Multiprocess pool, with same function per 60 process


So, the story. I have a list of accounts that I need do some filtering on them, more specifically.. there's a list of accounts on a specific website that holds many coins. I need to filter the balance of 2 million accounts.

So I want to process at least 100 accounts at a time. In the above example, that's what I tried.

max_proc =3

list_of_texts =[
    'acc_1',
    'acc_2',
    'acc_3',
    'acc_4',
    'acc_5',
    'acc_6',
    'acc_7',
    'acc_8',
    'acc_9',
    'acc_10',
    'acc_11',
]

def Start(text):
    print(text)

if __name__=='__main__':

    for index in range(0, len(list_of_texts), max_proc):

        pool = Pool(processes=max_proc)

        for item in list_of_texts[index:index+max_proc]:
            pool.map(Start, [item])

However I can't manage to make it work how I want, is still not parallel. My above example should have started 3 processes, with the first 3 accounts from the list, finish the.. then again process more 3 accounts until the list is done. But all in parallel. But it's still not working parallel, it's processing acc_1, then processing acc_2

The max_proc=3 is just for test, i will use 60 in production.

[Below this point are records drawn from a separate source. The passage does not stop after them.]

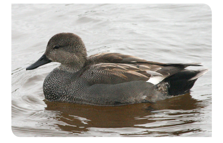
Gadwall Mareca strepera
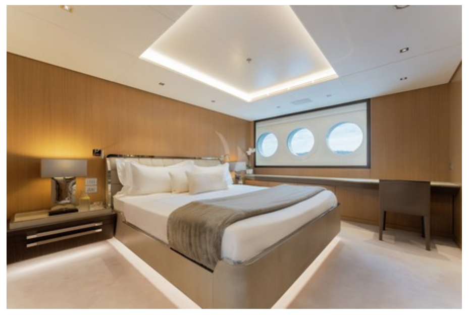
Double guest cabin
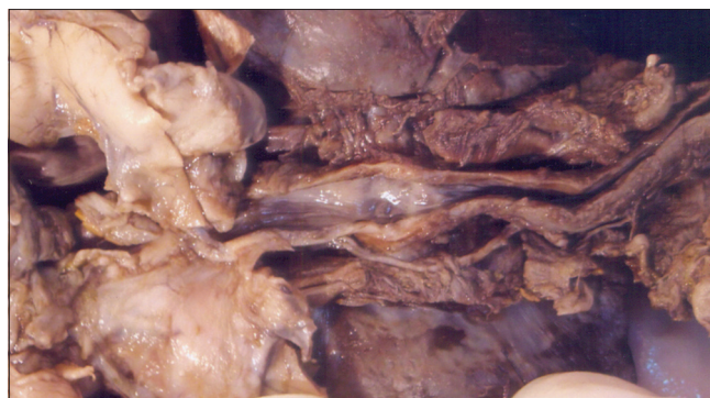
Figure 2: En block gross specimen showing the lumen of the esophagus with depressions of the bronchial openings
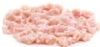
Minced meat/ Vainde hachee

How I can achieve what I want?


Solution

  • You can split your list in set of 3 and then run map over that part like this

    from concurrent.futures import ProcessPoolExecutor
    max_proc =3
    
    def start_fun(text):
        print(text)
    
    if __name__ == "__main__":
        gen_of_texts =[
        'acc_1',
        'acc_2',
        'acc_3',
        'acc_4',
        'acc_5',
        'acc_6',
        'acc_7',
        'acc_8',
        'acc_9',
        'acc_10',
        'acc_11',
        ]
        with ProcessPoolExecutor(max_proc) as pool:
            pool.map(start_fun, zip(*(iter(gen_of_texts),) * max_proc)) # to split list in groups of max_proc
    

    using imap

    from multiprocessing import Pool
    max_proc =300
    
    def start_fun(text):
        return text
    
    if __name__ == "__main__":
        list_of_texts = ('GDUI73F5LZA47F4CBUNDT7FLWJ4U6DJQHDU3N3L55AONLUFV2QANT5D4' for _ in range(10**6))
        with Pool(max_proc) as pool:
            for res in pool.imap(start_fun, zip(*(iter(list_of_texts),) * max_proc), chunksize=max_proc):
                print(res)